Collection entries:
━━━━━━━━
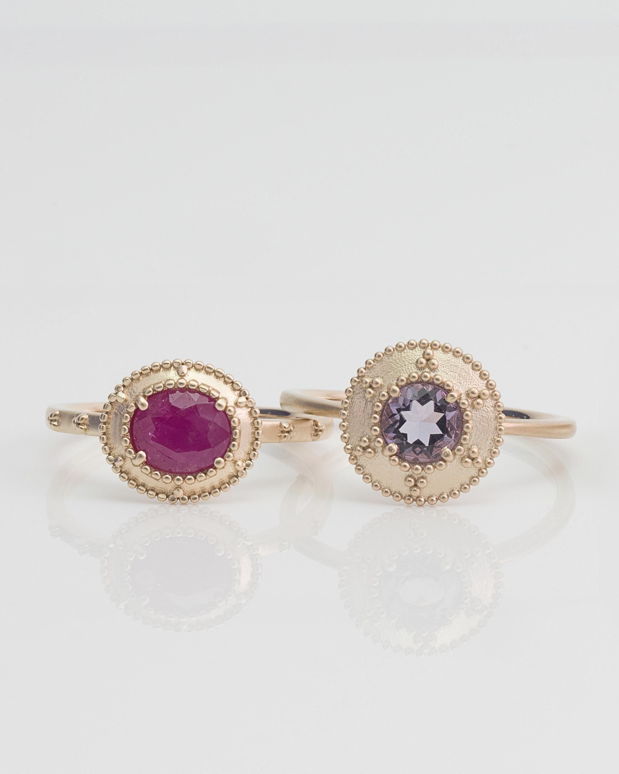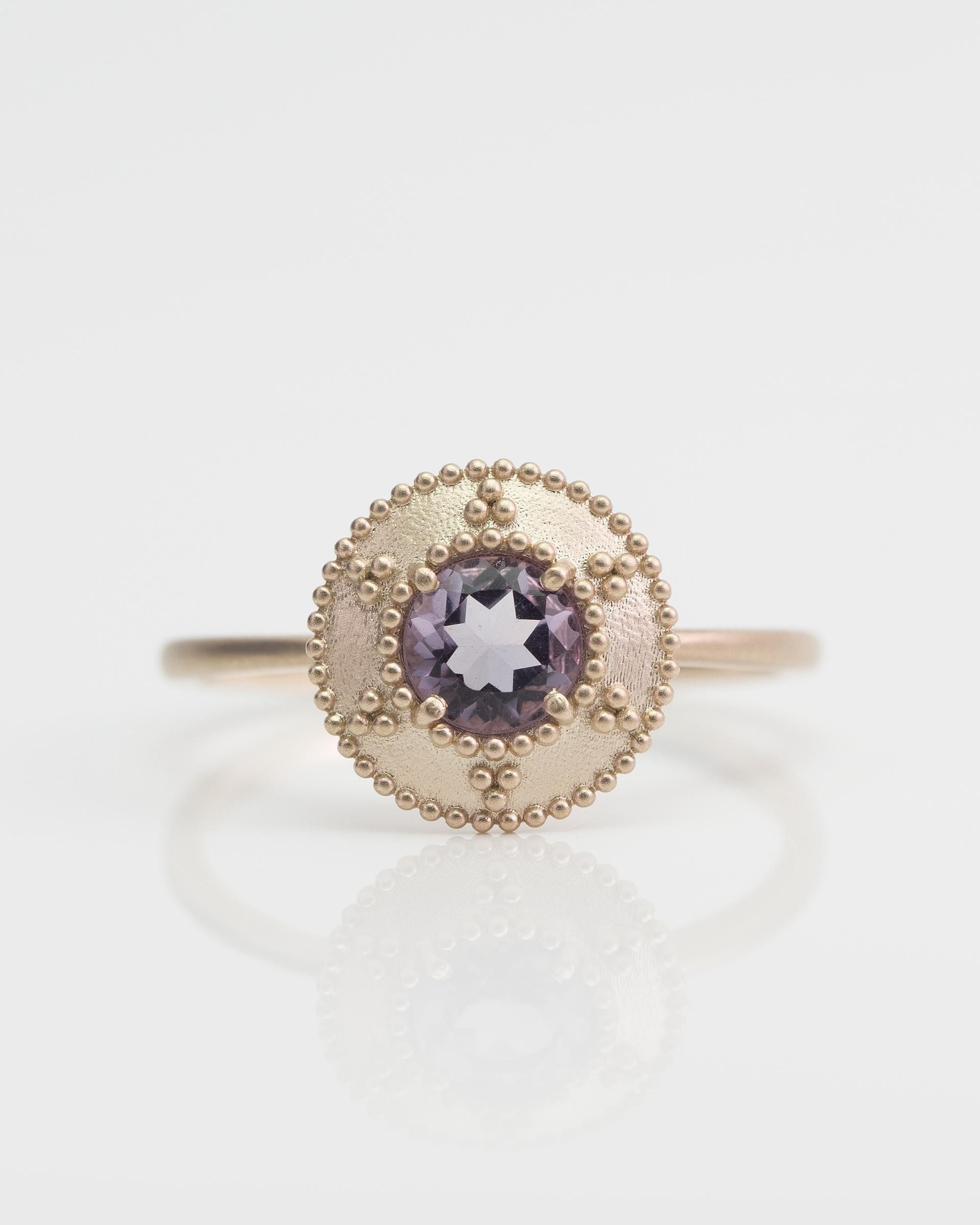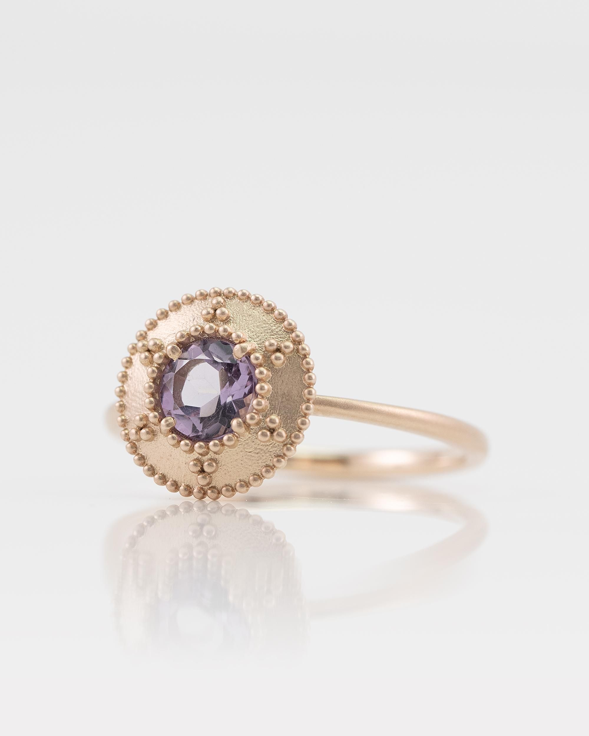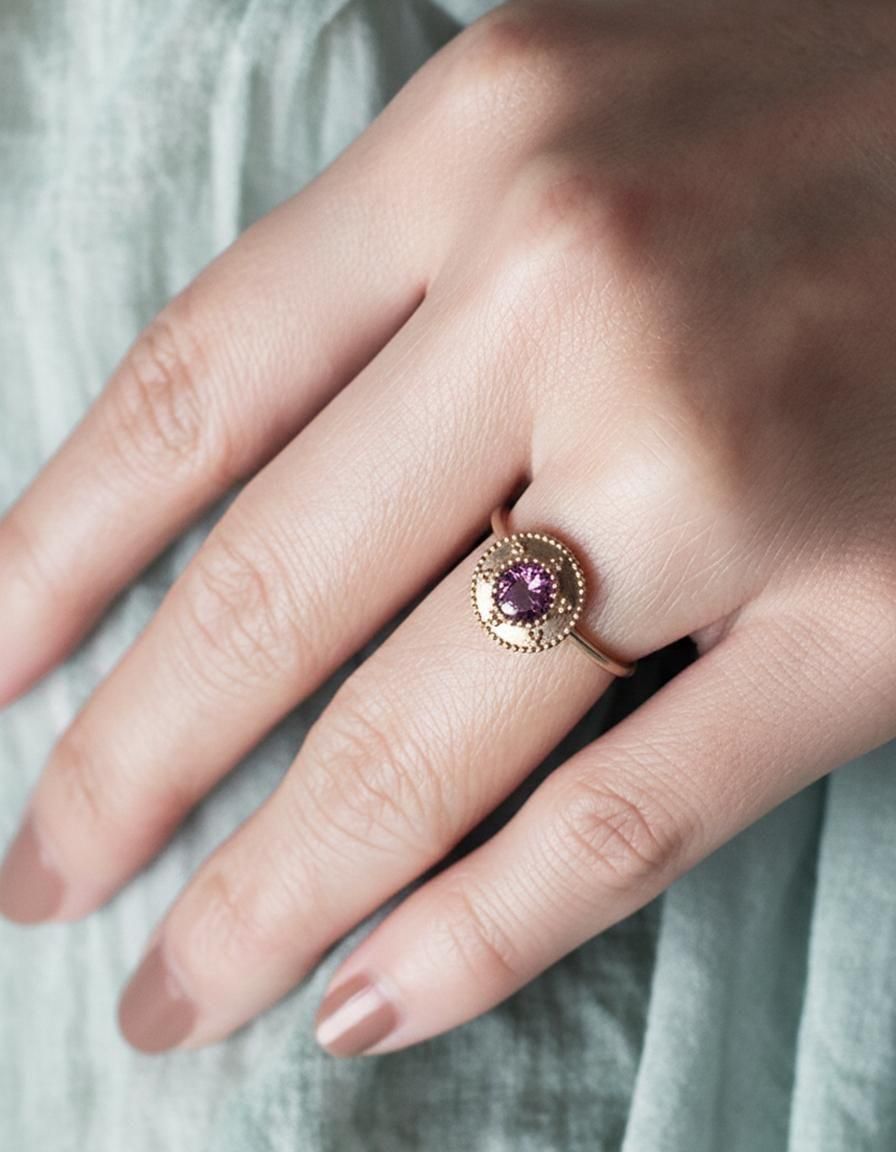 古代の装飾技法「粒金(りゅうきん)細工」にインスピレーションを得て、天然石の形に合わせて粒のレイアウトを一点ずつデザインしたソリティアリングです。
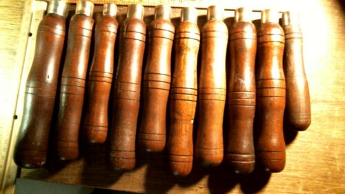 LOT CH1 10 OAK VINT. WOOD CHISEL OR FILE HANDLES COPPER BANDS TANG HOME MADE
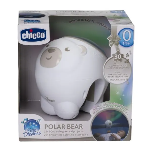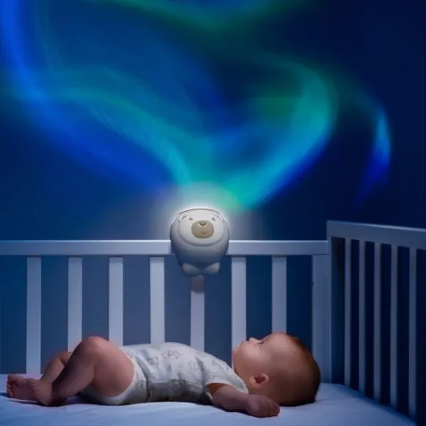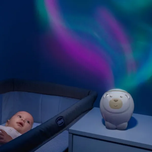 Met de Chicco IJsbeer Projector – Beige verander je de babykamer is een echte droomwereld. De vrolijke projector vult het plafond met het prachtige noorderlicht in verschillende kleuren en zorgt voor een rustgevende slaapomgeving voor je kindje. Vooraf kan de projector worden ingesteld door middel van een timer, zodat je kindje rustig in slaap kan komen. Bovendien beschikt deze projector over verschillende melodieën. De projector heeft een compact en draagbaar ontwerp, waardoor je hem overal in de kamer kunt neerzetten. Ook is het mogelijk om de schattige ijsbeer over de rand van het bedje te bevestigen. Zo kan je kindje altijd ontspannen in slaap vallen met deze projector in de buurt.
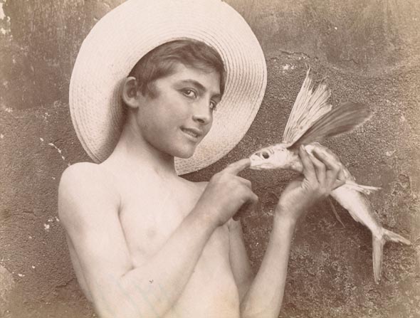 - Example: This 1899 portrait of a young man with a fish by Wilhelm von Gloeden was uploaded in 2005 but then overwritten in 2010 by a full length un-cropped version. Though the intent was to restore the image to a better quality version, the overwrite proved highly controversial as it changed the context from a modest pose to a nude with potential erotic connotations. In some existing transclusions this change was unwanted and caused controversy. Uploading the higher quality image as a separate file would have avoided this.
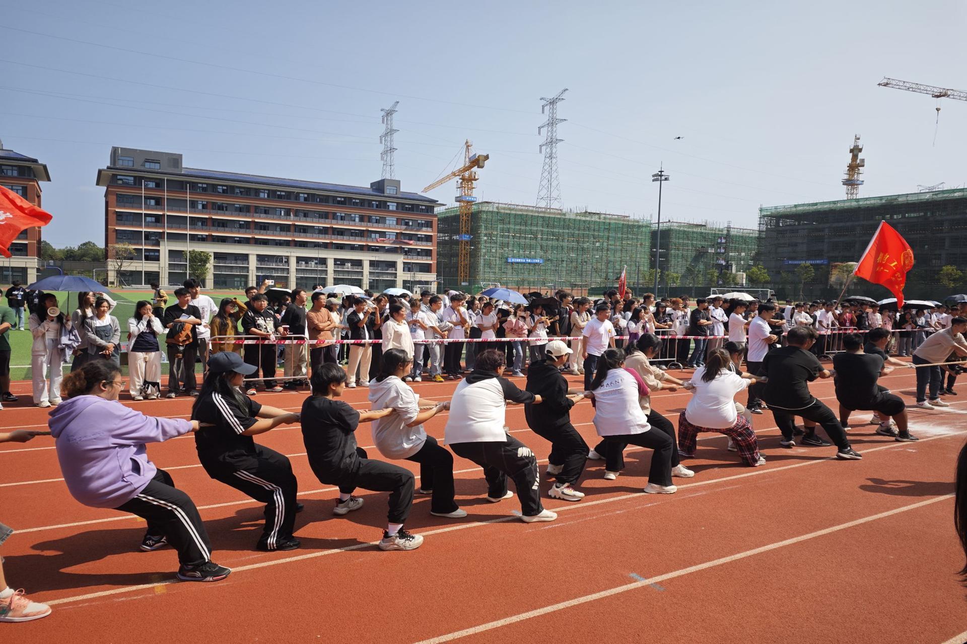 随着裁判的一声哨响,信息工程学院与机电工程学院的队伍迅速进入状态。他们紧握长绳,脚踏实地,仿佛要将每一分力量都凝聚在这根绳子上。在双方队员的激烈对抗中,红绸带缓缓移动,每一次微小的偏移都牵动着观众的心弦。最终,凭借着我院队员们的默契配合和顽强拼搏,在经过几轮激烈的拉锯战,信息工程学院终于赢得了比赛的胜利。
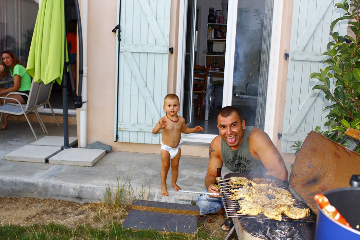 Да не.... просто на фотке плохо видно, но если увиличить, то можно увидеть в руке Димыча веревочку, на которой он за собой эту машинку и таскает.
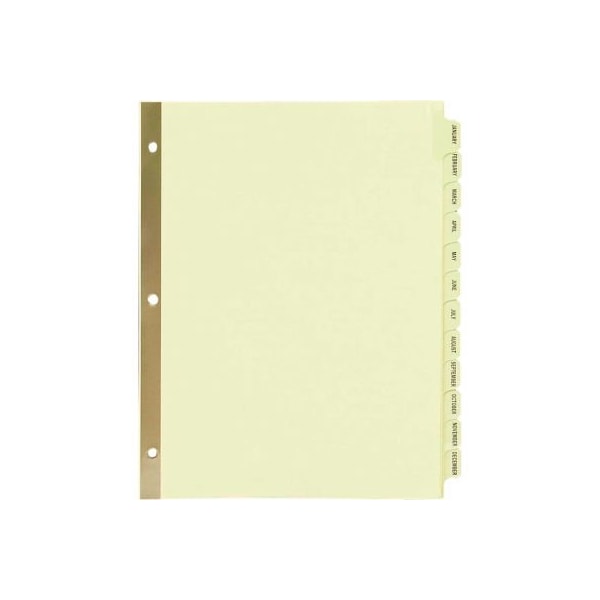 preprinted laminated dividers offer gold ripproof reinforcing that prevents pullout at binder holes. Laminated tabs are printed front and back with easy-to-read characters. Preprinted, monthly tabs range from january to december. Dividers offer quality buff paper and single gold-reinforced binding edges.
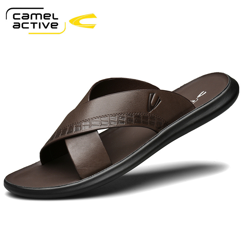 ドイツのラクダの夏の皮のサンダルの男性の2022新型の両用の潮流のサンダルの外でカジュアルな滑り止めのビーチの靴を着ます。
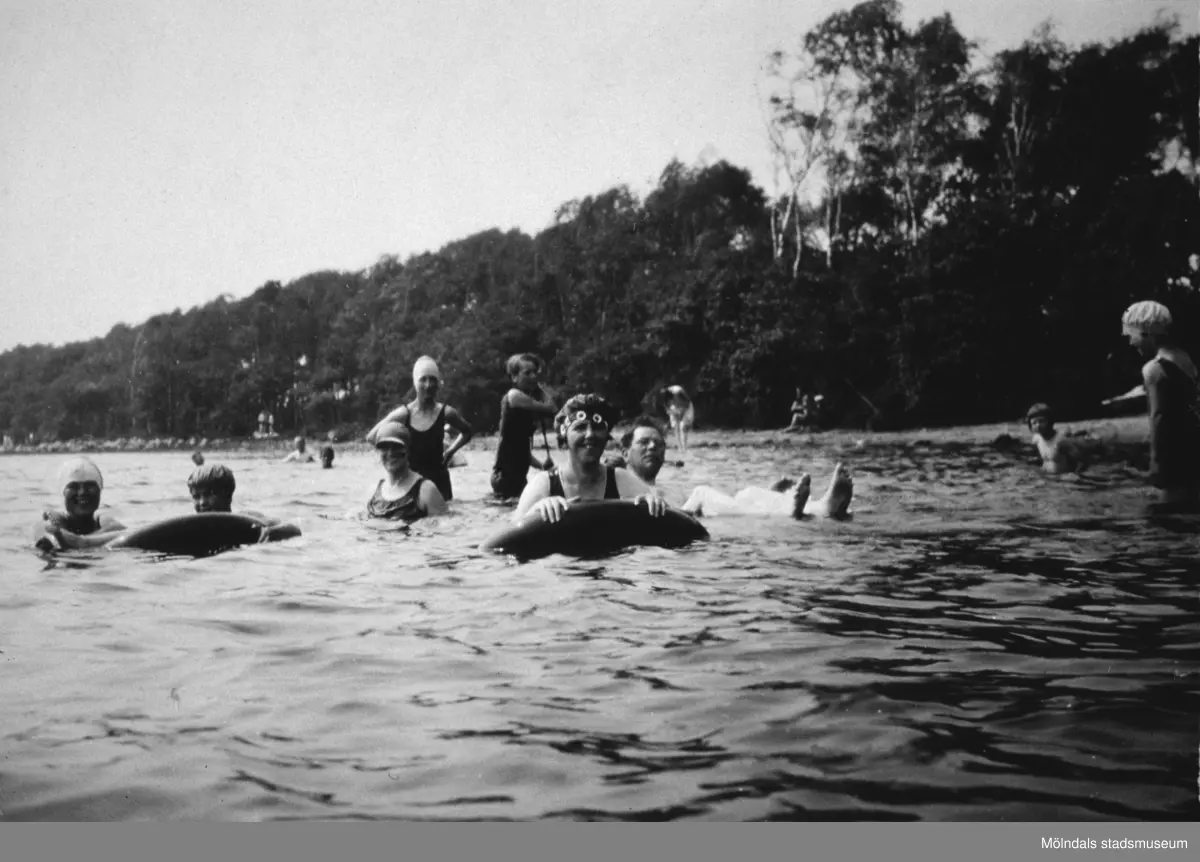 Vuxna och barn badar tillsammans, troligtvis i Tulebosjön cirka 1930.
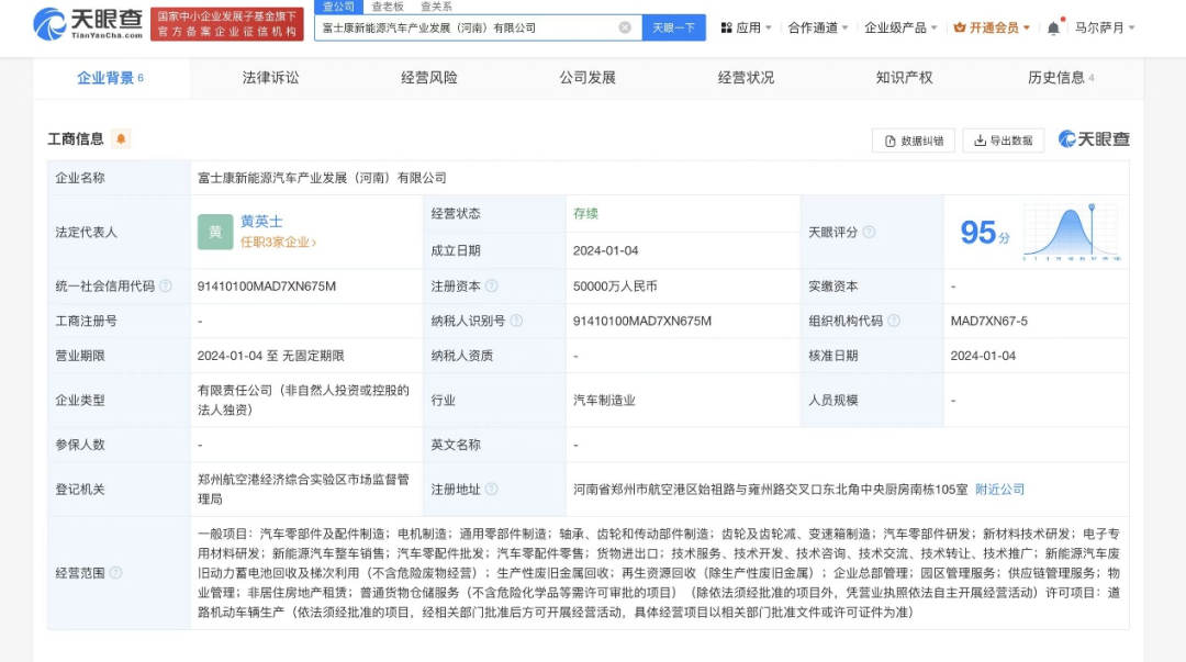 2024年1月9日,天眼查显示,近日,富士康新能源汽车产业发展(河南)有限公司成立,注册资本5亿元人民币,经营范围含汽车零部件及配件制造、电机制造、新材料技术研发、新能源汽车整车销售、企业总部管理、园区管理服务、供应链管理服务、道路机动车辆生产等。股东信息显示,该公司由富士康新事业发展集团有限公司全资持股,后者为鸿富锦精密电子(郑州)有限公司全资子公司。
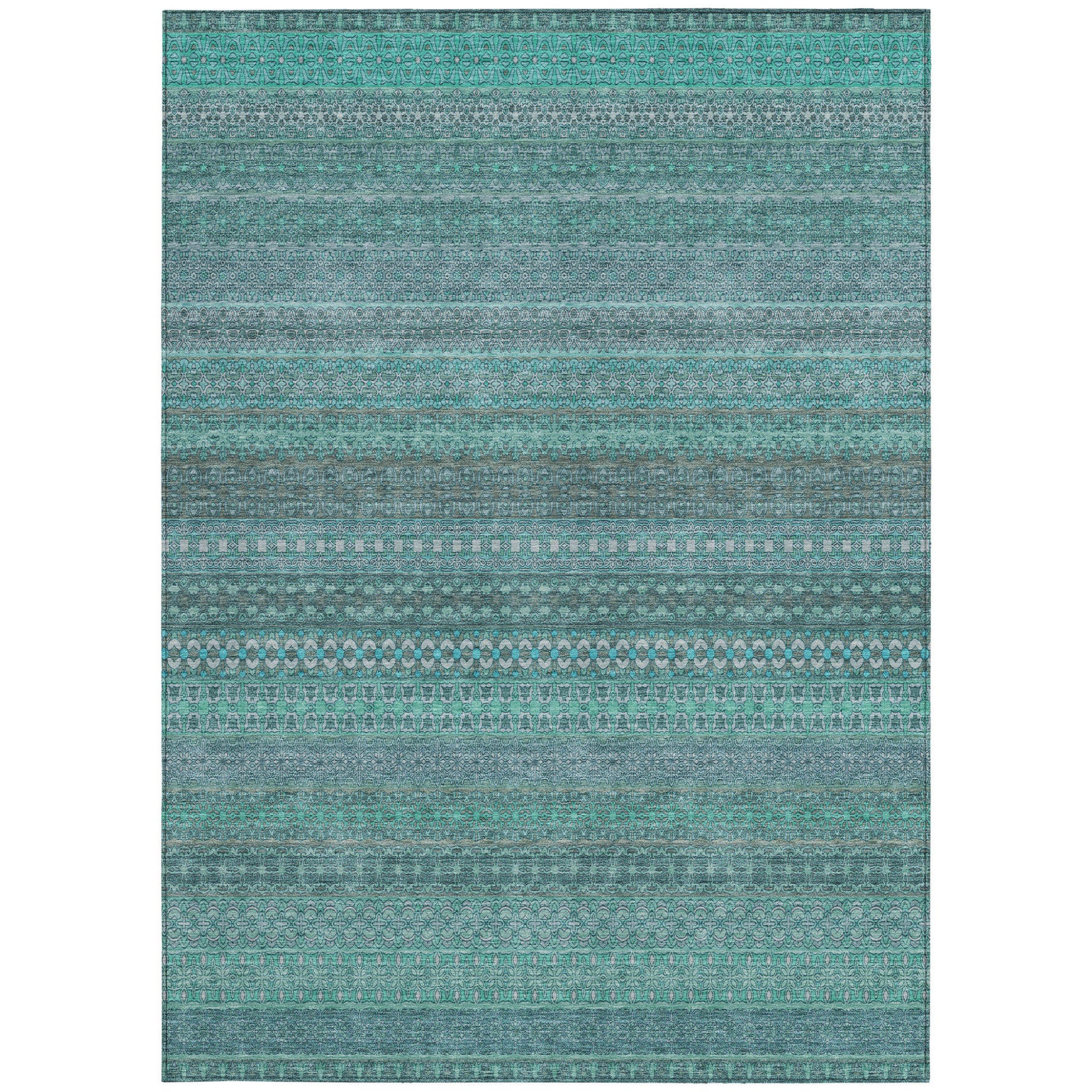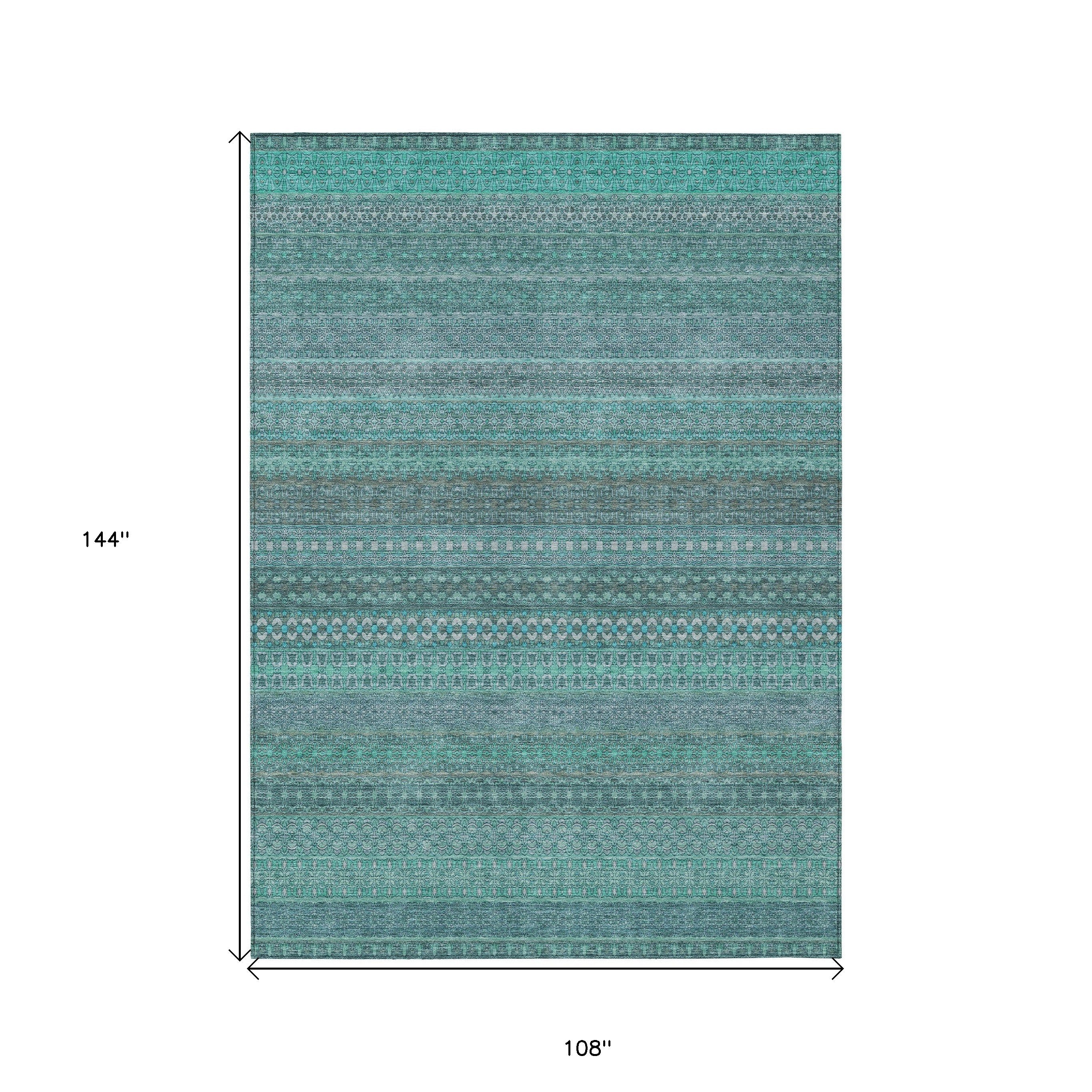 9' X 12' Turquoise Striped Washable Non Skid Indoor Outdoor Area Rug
━━━━━━━━
§ **Your assignment**:
Copy nothing outside the span: please output the lines from the one with "Vuxna och barn" through the end of the entries above, and skip the pictures.

§ **Answer to the exercise**:
 Vuxna och barn badar tillsammans, troligtvis i Tulebosjön cirka 1930.
 2024年1月9日,天眼查显示,近日,富士康新能源汽车产业发展(河南)有限公司成立,注册资本5亿元人民币,经营范围含汽车零部件及配件制造、电机制造、新材料技术研发、新能源汽车整车销售、企业总部管理、园区管理服务、供应链管理服务、道路机动车辆生产等。股东信息显示,该公司由富士康新事业发展集团有限公司全资持股,后者为鸿富锦精密电子(郑州)有限公司全资子公司。
 9' X 12' Turquoise Striped Washable Non Skid Indoor Outdoor Area Rug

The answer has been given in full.